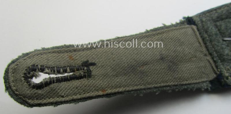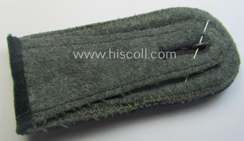 This is an attractive - albeit regrettably single but nevertheless scarcely found! - WH (Heeres) NCO-type (ie. 'M40'-pattern- and neatly 'cyphered') shoulderstrap as piped in the darker-blue- (ie. 'blauer'-) coloured branchcolour as was intended for usage for - and clearly worn by! - an: 'Oberfeldwebel u. Mitglied einer Ärztlichen Akademie' (or: senior-NCO ie. sergeant first-class who served within one of the army medical training-schools ie. 'Ärztlichen Akademien') and that comes in an overall nice- (albeit moderately used ie. worn-), condition. The shoulderstrap - which is approximately 10,2 cms. sized in length has the 'standard-type'- and/or darker-green-coloured, smooth-woolen-based 'upperdeck' (and woolen-type piping!) and shows an (aluminum-based, Gothic-styled) so-called: 'A'-cypher (or: 'Ziffer') and two (regular-sized, copper-toned) pips, period-attached (its should be noted that the 'A'-cypher has been period-fortified by means of some stitching as can be noticed on pictures). The strap - which came mounted onto its functional tongue - shows as stated above some moderate usage and/or wear (some minor staining and/or dust is visible and/or present). It should be noted that all 'cyphered'-pattern, WH (Heeres) shoulderstraps can easily be regarded 'fairly scarce'. This strap - that came together with a field-grey-toned tunic- ie. company-button that shows the numeral '21' - originates from an older shoulderstrap ie. board-collection that I recently acquired for the web-site. Simply an attractive and/or: early-war-period, neatly 'cyphered' and/or 'Heeres'-related NCO-type shoulderstrap that was intended for usage by an: 'Oberfeldwebel u. Mitglied einer Ärztlichen Akademie'!
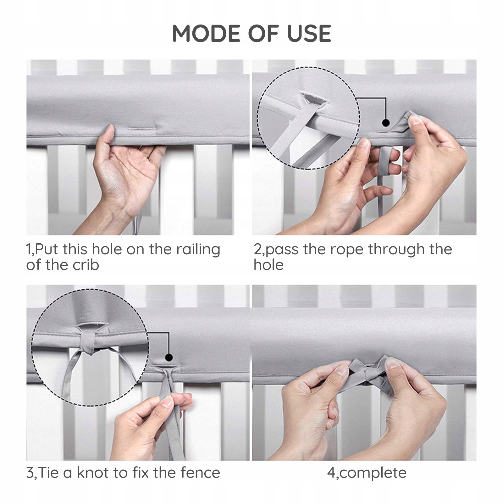 Незалежно від того, чи знаходиться вона в дитячій кімнаті, на ліжечку чи люльці, ця накидка на ліжечко є ідеальним вибором для захисту ваших немовлят від травм. Уникайте ударів голови, ніг або рук дитини об жорсткі поручні ліжечка або огорожі ліжка. Простий і зручний у використанні, відповідає різноманітним потребам.
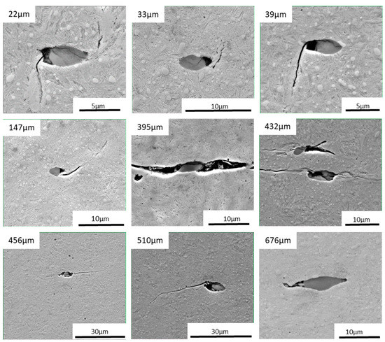 SEM–SE images of damage around inclusions in the loaded zone. The top-left number represents the distance from the raceway surface. The damage started on the side of the inclusion that was debonded from the bulk material. This is applicable for the wide range of distances (from 22 to 676 µm) from the raceway surface, suggesting that debonding plays a role in the entire loaded zone.
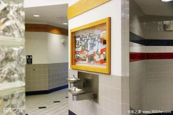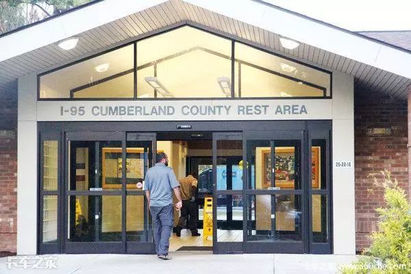 停车休息区里的厕所,和国内的服务区设计不一样,美国服务区的这个厕所建在停车场的中间,两侧的司机都可以进入。

┄┄┄┄┄┄┄┄┄┄

__Your objective__. Please write out every line of the listing above exactly, and leave the images behind.

__Exercise answer__.
 This is an attractive - albeit regrettably single but nevertheless scarcely found! - WH (Heeres) NCO-type (ie. 'M40'-pattern- and neatly 'cyphered') shoulderstrap as piped in the darker-blue- (ie. 'blauer'-) coloured branchcolour as was intended for usage for - and clearly worn by! - an: 'Oberfeldwebel u. Mitglied einer Ärztlichen Akademie' (or: senior-NCO ie. sergeant first-class who served within one of the army medical training-schools ie. 'Ärztlichen Akademien') and that comes in an overall nice- (albeit moderately used ie. worn-), condition. The shoulderstrap - which is approximately 10,2 cms. sized in length has the 'standard-type'- and/or darker-green-coloured, smooth-woolen-based 'upperdeck' (and woolen-type piping!) and shows an (aluminum-based, Gothic-styled) so-called: 'A'-cypher (or: 'Ziffer') and two (regular-sized, copper-toned) pips, period-attached (its should be noted that the 'A'-cypher has been period-fortified by means of some stitching as can be noticed on pictures). The strap - which came mounted onto its functional tongue - shows as stated above some moderate usage and/or wear (some minor staining and/or dust is visible and/or present). It should be noted that all 'cyphered'-pattern, WH (Heeres) shoulderstraps can easily be regarded 'fairly scarce'. This strap - that came together with a field-grey-toned tunic- ie. company-button that shows the numeral '21' - originates from an older shoulderstrap ie. board-collection that I recently acquired for the web-site. Simply an attractive and/or: early-war-period, neatly 'cyphered' and/or 'Heeres'-related NCO-type shoulderstrap that was intended for usage by an: 'Oberfeldwebel u. Mitglied einer Ärztlichen Akademie'!
 Незалежно від того, чи знаходиться вона в дитячій кімнаті, на ліжечку чи люльці, ця накидка на ліжечко є ідеальним вибором для захисту ваших немовлят від травм. Уникайте ударів голови, ніг або рук дитини об жорсткі поручні ліжечка або огорожі ліжка. Простий і зручний у використанні, відповідає різноманітним потребам.
 SEM–SE images of damage around inclusions in the loaded zone. The top-left number represents the distance from the raceway surface. The damage started on the side of the inclusion that was debonded from the bulk material. This is applicable for the wide range of distances (from 22 to 676 µm) from the raceway surface, suggesting that debonding plays a role in the entire loaded zone.
 停车休息区里的厕所,和国内的服务区设计不一样,美国服务区的这个厕所建在停车场的中间,两侧的司机都可以进入。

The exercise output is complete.